Lots of personal finance advice assumes you have 12 or 24 or 26 equal paychecks each year. But if you’re a person or family with a fluctuating or irregular income, much of that advice won’t work for you.
We’re such a family, and if you have income from any of the following sources, chances are you are too:
- Commission sales
- Business income
- Seasonal income
- Hourly income
- Freelance income
- Bonus income
Now an irregular income doesn’t have to be all bad; many highly compensated people have incomes that fluctuate dramatically.
But an irregular income does pose a particular challenge, and that’s what we’ve experienced: even though we’re very happy with our overall income number, it doesn’t arrive in nice, even installments each month.
In fact, it looks like this graph, which represents our total income by month over the last year.
As you can see, we can’t manage our money the same way month in and month out. And it’s been this way as long as I can remember, since the bulk of our income our entire married life has come from commission sales.
Here are some things I’ve run across over the years that have helped.
1. List Expenses from Most Important to Least Important
Years of listening to Dave Ramsey’s radio show have taught me this technique.
Dave often advises callers with irregular incomes to list their monthly expenses in order of importance, from the most important (roof over your head, food in the refrigerator) to the least (vacations, entertainment, eating out). Then, when your income arrives each month, go down the list, allocating whatever money is available that month according to those priorities.
In low income months, your money probably won’t cover the least important stuff. But in high income months, you’ll have money left over to save for future lean months. (At least you should. If not, the expenses are likely the problem, and not the income fluctuations.)
2. Use Sinking Funds
Bills that don’t come due every month – like property taxes, insurance premiums, or car repairs – can wreck havoc with any budget, but especially one that relies on irregular income.

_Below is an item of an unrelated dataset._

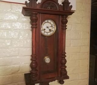 Horloge carillon mural à balancier. Remontage manuel à clé. Haut 100. Prof 17 larg 37. En état de fonctionnement.

Creating a sinking fund for these expenses will help insure that the money is there when it’s time to pay up.
To come up with a monthly contribution amount, divide the total annual cost of each expense by 12. Folks with a predictable monthly income can contribute that same amount to the sinking fund each month, but families with an irregular income will need to overfund in the flush months so you can skip the contribution in the lean months.
(Note: Online savings accounts are perfect for sinking funds. See How to Create Accounts for Individual Savings Goals at ING/Capital One 360.)
3. Keep Fixed Expenses Low
As someone who doesn’t like following budgets, I’m always looking for alternatives. That’s why this last tip has been the one that has worked the best for me: keep your fixed expenses low. As low as possible.
If your monthly expenses regularly exceed your income for that month, it’s easy to go into debt when you have a low income month.
When your income takes a jump, even if you repay the debt, you’re not really moving ahead. You’re just returning to where you were.
We did this for a lot of years. Whenever we had a high income month, it seemed there were always too many places for the money to go; too many debts we wanted to pay off.
By keeping fixed monthly expenses low, however, it’s easier to get by during low income months and you can use high income months to fund bigger goals.
That’s exactly what we experienced last year.
Since we’ve paid much of our debt, we used our high income months to do things that felt so much better than paying down a home equity loan or a credit card.
- Fully funding our IRAs
- Stashing $6000 in each kid’s 529 account
- Funneling a large amount to savings
Using the income graph from above, it’s obvious that our goal should be to keep our monthly fixed obligations in the purple area.
That way the lower income months can cover our fixed expenses and the higher income months can be used to fund the rest. The closer we can stay to this goal, the better we can make the most of our irregular income.
Have you experienced a fluctuating or irregular income? What techniques have been helpful to you?